Donald Trump ha dado un paso que ni Barack Obama se había atrevido a dar en su momento, la primera vez que el régimen de Bachar Al Asad fue denunciado por el uso de armas químicas contra la población civil en una guerra que se ha vuelto casi incomprensible, por lo complejo de los actores que intervienen.
Las cartas esta vez fueron echadas sobre la mesa. Rusia fue informada antes del ataque y ahora ha amenazado con suspender la colaboración entres los dos países. Trump ha jugado a recuperar el protagonismo de Washington en una guerra que le parecía indiferente, porque en Siria lo juntaba con Rusia su lucha contra el Estado Islámico y lo separaba su repudio a Al Asad.
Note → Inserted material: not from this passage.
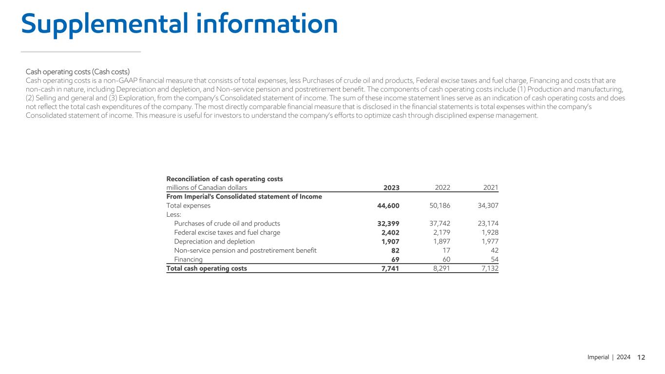 Cash operating costs is a non-GAAP financial measure that consists of total expenses, less purchases of crude oil and products, federal excise taxes and fuel charge, financing, and costs that are non-cash in nature, including depreciation and depletion, and non-service pension and postretirement benefit. The components of cash operating costs include "Production and manufacturing", "Selling and general" and "Exploration" from the company’s Consolidated statement of income. The sum of these income statement lines serves as an indication of cash operating costs and does not reflect the total cash expenditures of the company. The most directly comparable financial measure that is disclosed in the financial statements is "Total expenses" within the company’s Consolidated statement of income. This measure is useful for investors to understand the company’s efforts to optimize cash through disciplined expense management.

“Era de madrugada y reinaba el silencio cuando Alaa al Yusef, de 27 años, escuchó el estruendo. Cuatro proyectiles acababan de caer del cielo sobre Jan Sheijun, la ciudad siria en la que vive bajo el control de los rebeldes. Al Yusef comprendió que no se trataba de un bombardeo normal al ver que los heridos no mejoraban aunque los rociaran con agua, vinagre o Coca-Cola”.
Era la reseña reconstruida por diario El País del ataque con gas tóxico que habría ordenado Al Asad contra uno de los bastiones de los rebeldes. Un afán por aplastar toda posible oposición a su poder.
El gobierno de Bachar Al Asad había decidido usar los muchos rostros del conflicto para mantenerse en su trono, para reprimir a los que consideraba sus enemigos sin rendir cuentas a nadie a cambio de su apoyo a la lucha del mundo contra la barbarie del Estado Islámico, del que se había vuelto hasta cómplice.
Usar al enemigo común a su favor.
Al Asad se había creído inmune a todo, hasta con permiso para violar los más elementales Derechos Humanos. El mismo Trump había abjurado de una intervención abierta en Siria. Ahora, su decisión de atacar una base militar abre otro capítulo en la historia de la guerra de ese país. Un capítulo inédito.